# Issues with raising Dubias



## bugboymark (Aug 23, 2018)

Question for any roach culture experts out there. I bought 2 dozen dubia nymphs 11 months ago.  I now have 5 (3 female: 2 males).  The ones that are gone were fed to mantises that reached maturity and have since passed. Really amazing is that I didn't lose a single roach to anything other than feeding. Impressive bugs.  Now I know why they'll be around after we're gone!  Anyhow, I've got 4 mantises now that will soon be big enough to eat roaches.  Here's my issue....I can't seem to get them to reproduce! They regularly produce ootheca, but then discard them without any nymphs/hatchlings.  My setup is:

Plastic bin - 16" x 16" with a screen top for ventilation, substrate eco-earth (coconut fiber/husk), cardboard egg carton for shelter, water gel, cricket food + fresh fruit (usually apples), heating pad to keep the temp in the upper 80s, occasional misting to add a little humidity, no-heat lamp or direct light source...though I did use a heat lamp for a while with no success. 

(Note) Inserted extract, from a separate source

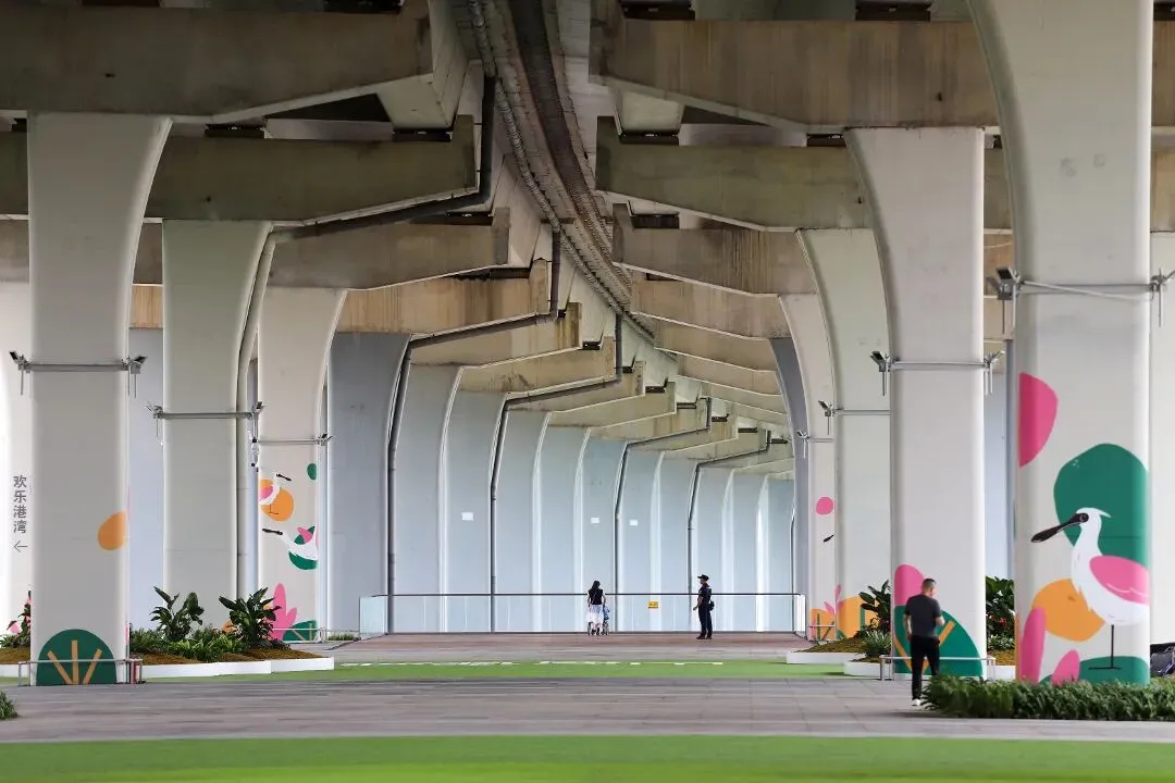 类似的例子比比皆是:宝安的山海连城骑行绿道,巧妙利用沿江高速桥底空间,建起一条“自带屋顶”的绿道,不惧风吹日晒,既丰富了城市景观,也让城市“边角料”焕发新生;罗湖区的行道树干上,画师依着树皮纹路绘出鹦鹉、蜥蜴,为公共空间注入新意,也自成一道风景;宝安区沙井街道北环路工业园的老旧围墙,被绘上蚝民出海、蚝壳筑屋的岭南风情画卷,告别杂乱,华丽变身为网红打卡地......

They look healthy. They're eating. They're producing ooths weekly. The female to male ratio seems pretty close to what is recommended to avoid competition.  What am I missing?  Why can't I get these guys to produce viable offspring?  Thanks for any advice you can provide!  ?


----------



## Aristalochia (Aug 31, 2018)

Hello bugboymark,

Blaptica dubia arent supposed to lay ooths, so if you are seeing them all aborting their oothecae/dropping them, it means something is way off. I am not sure what the issue is, but have you tested your humidity? If it gets too low, that might explain it, although many keep dubia relatively dry without substrate, so maybe someone else has a better suggestion?


----------



## bugboymark (Sep 6, 2018)

Good catch.  That was my bad.  I was mixing my species.  I actually was having issues getting TWO roach species to reproduce. My Dubias (live birth), AND my turkish red runners (ooths).  Thankfully another member of the forum (ausar318) sent me a TON of information about his setup and his success with these roaches.  He also sent me a bunch of dubias that are already are reproducing for me!  As for my red runners (Blatta lateralis), I got lots of ooths but no nymphs over 3-6 months. Until I finally fed the last couple adults to my mantids.  I was cleaning out their enclosure and instead of throwing the ooths out with the eco-earth substrate...I threw them in a plastic cup. Paranoid I guess.  3 days later...I've got red runner nymphs!  No idea why.  Other than being on the bottom of straight plastic (no substrate), the only difference is they weren't over a heating pad.  So maybe they just needed cooler temps?  Maybe they were being cannibalized by the adults? No idea.  But now my roach production worries seem to be at an end for now!  (mostly thanks to ausar318 - definitely a roach expert). 

Thanks for responding Arista...   ?


----------